My Valentine’s gift from my one and only sweetheart! Such a special gift and abundantly meaningful after a full year of joy and precious memories; in addition a tragedy in the family, tremendous trials in life’s battles, and heartaches greater than the average year.

This year… Love has proven greater… on the upside of life’s trials and struggles… I see a love more enriched through commitment to God and one another!

We’ve laughed together!

Explored the World together!

Journeyed family tragedy together!

Hurt together!

Shared life’s greatest joys and trials together!

Love Proves Greater, In the Midst of Life’s Greatest Trials

A dozen roses… more meaningful in the depths of love!

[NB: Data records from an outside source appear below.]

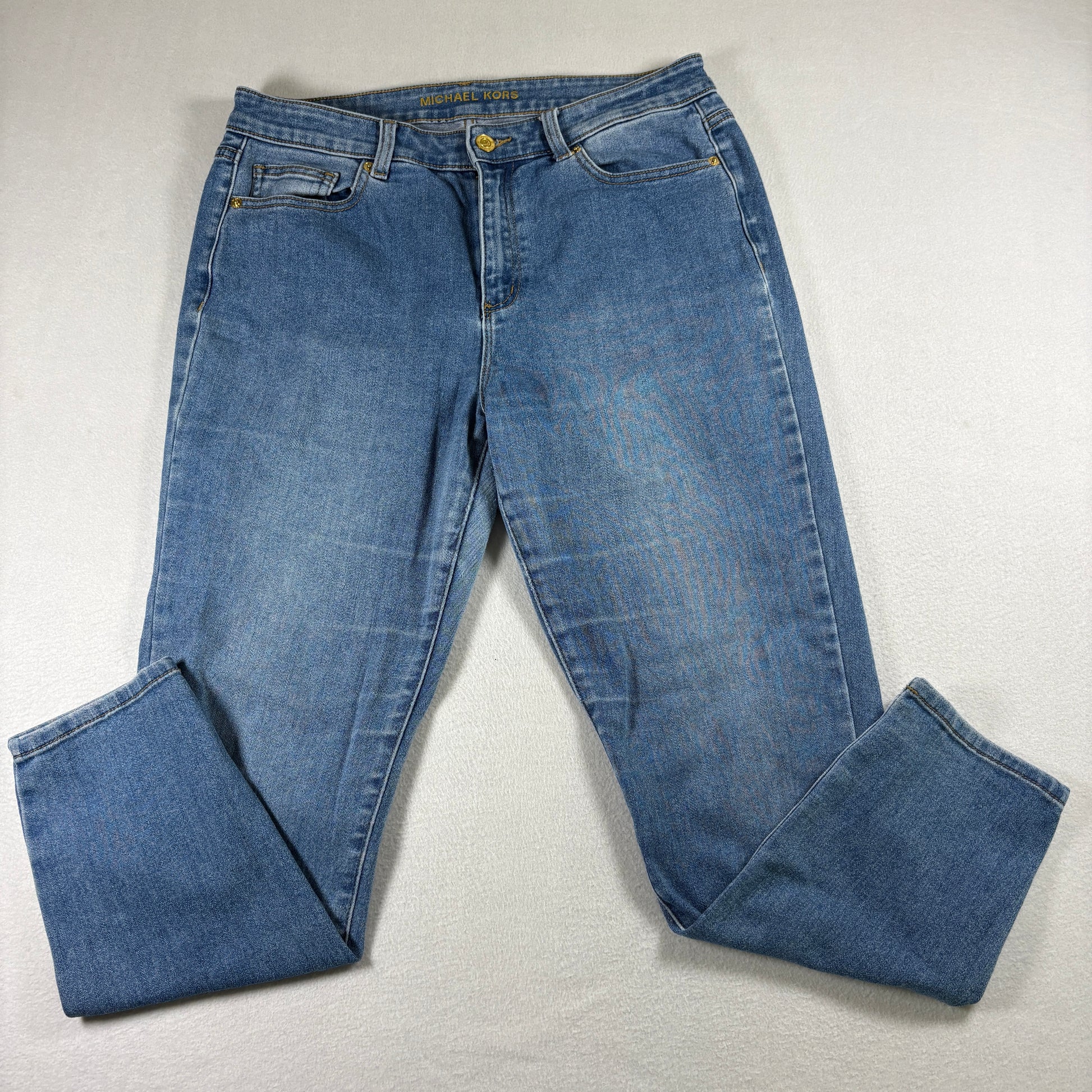 Michael Kors women’s jeans in size 10. A versatile pair of blue denim jeans with straight leg fit, perfect for casual everyday wear. Features the signature MK logo detail, stretch fabric blend, and timeless styling.
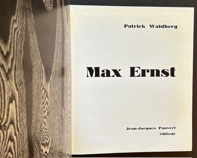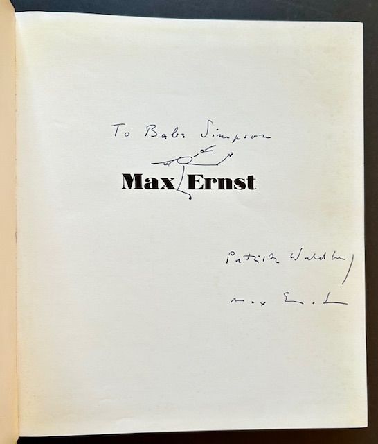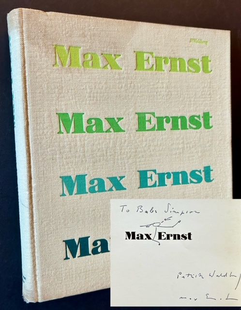Paris: Societe des Editions Jean-Jacques Pauvert, 1958. Decorative Cloth. Very Good +. INSCRIBED BY BOTH MAX ERNST AND THE AUTHOR, PATRICK WALDBERG, on the half-title. ALSO INCLUDES A DRAWING OF A STICK-FIGURE MAN, IN MAX ERNST'S HAND, near the 2 signatures, SEPARATING THE "MAX" FROM THE "ERNST". A very solid copy to boot of the 1958 1st edition of this impressive monograph on Max Ernst, with an abundance of illustrations (a handful of them in color) supplementng Patrick Waldberg's text. Tight and VG+ in its beige cloth, with a bit of light staining to the upper front panel and spine crown, and very mild, subtle bowing at the front panel. Square quarto, photographs by Lee Miller, Frederic Sommer, etc. Very uncommon as such, graced with Max Ernst's signature and a tiny original sample of his art.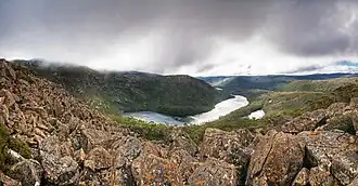 Er liegt im Zentrum des Mount-Field-Nationalparks. In ihm entsteht der Broad River.

Feel good feelings and butterflies come and go… true love is much greater!

True love is deeper… roots run deep into the soil of God’s word and grows pure when it’s foundation rests in the hope of Jesus Christ!

Made stronger in the midst of life’s trials, when committed to living, loving, and serving God and one another!

Marriage is full of bliss… only when ordained in Heaven, held together by prayer in times of trial, together praising and thanking God for the gift of one’s soul mate! Made in His image, to love one another! This kind of love is greater than looks, Earthly pleasures, or worldly gain!

This love is a spiritual love… made stronger through a Heavenly and sacrificial focus to present one another to God without blemish.

This kind of love is only possible… as surrendered vessels of His unconditional love and the Spirit of God himself.

God uses this unconditional love to heal the heart of the broken!

God allows this type of love… only when His children obey his commandments… and maintain a teachable and discernible Spirit!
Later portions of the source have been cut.